The lack of adverse effects of Bt Cry proteins on both larval and adult honey bees is consistent with prior studies on the activity-spectrum and mode of action of different classes of Bt Cry proteins. To date, with the exception of a possible ant-specific Cry22 toxin patent application, no class of Bt Cry protein has been found to be directly toxic to hymenopteran insects [4]. Although studies of acute toxicity performed in a laboratory setting may overlook sub-lethal or indirect effects that could potentially reduce the abundance of honeybees in a field setting, our findings strongly support the conclusion that the Cry proteins expressed in the current generation of Bt crops are unlikely to have adverse direct effects on the survival of honey bees. Additional analyses that included all available performance variables (survival, growth and development) similarly showed no adverse effect of Bt treatments. We do not report these results in depth here because they are potentially compromised by issues of non-independence – it is inappropriate to simultaneously include multiple measures taken on the same groups of bees. Unfortunately, few studies reported performance measures other than survival, and this prevented us from conducting separate analyses on these aspects of performance.

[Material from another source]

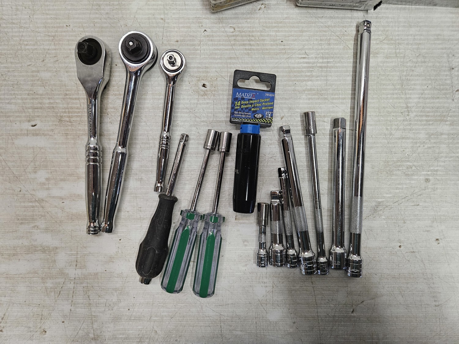 (9) tape measures, (5) unused safety glasses, (3) socket wrenches, (7) socket extensions, (2) mallet/hammer, (4) handles

Although only laboratory data are synthesized here, the overall finding of no effect is consistent with the data available from a recent, well-replicated field study [15]. Additionally, the fact that laboratory studies typically expose honey bees to doses of Cry proteins that are ten or more times those encountered in the field provides additional reassurance that toxicity in the field is unlikely. However, the need for additional studies in the field may be warranted if stressors such as heat, pesticides, pathogens, and so on are suspected to alter the susceptibility of honey bees to Cry protein toxicity.

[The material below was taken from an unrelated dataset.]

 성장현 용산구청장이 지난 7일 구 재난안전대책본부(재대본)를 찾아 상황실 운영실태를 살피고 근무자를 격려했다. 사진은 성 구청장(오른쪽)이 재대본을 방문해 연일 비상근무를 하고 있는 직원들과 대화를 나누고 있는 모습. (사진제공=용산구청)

Assessment of the potential risks of Bt crops for honey bees has become increasingly refined over time. However, these studies continue to be characterized by the use of very low replication with potentially limited statistical power. Based on retrospective power analyses of their data, Rose et al. [15] recommend that “laboratory studies to measure adult bee survival should test at least six cohorts of 50 bees per treatment to detect a 50% reduction with 80% statistical power.” However, this level of replication is 1.5–3 times greater than that used in many of the similar studies performed to date (Table 1). Modest increases in the replication of these and similar studies examining potential adverse effects of transgenic crops would likely help to improve public confidence in findings of no effect [20]. In addition, meta-analysis of data from available studies testing similar hypothesis is an effective tool for quantitatively synthesizing the collective evidence regarding the safety of genetically modified crops.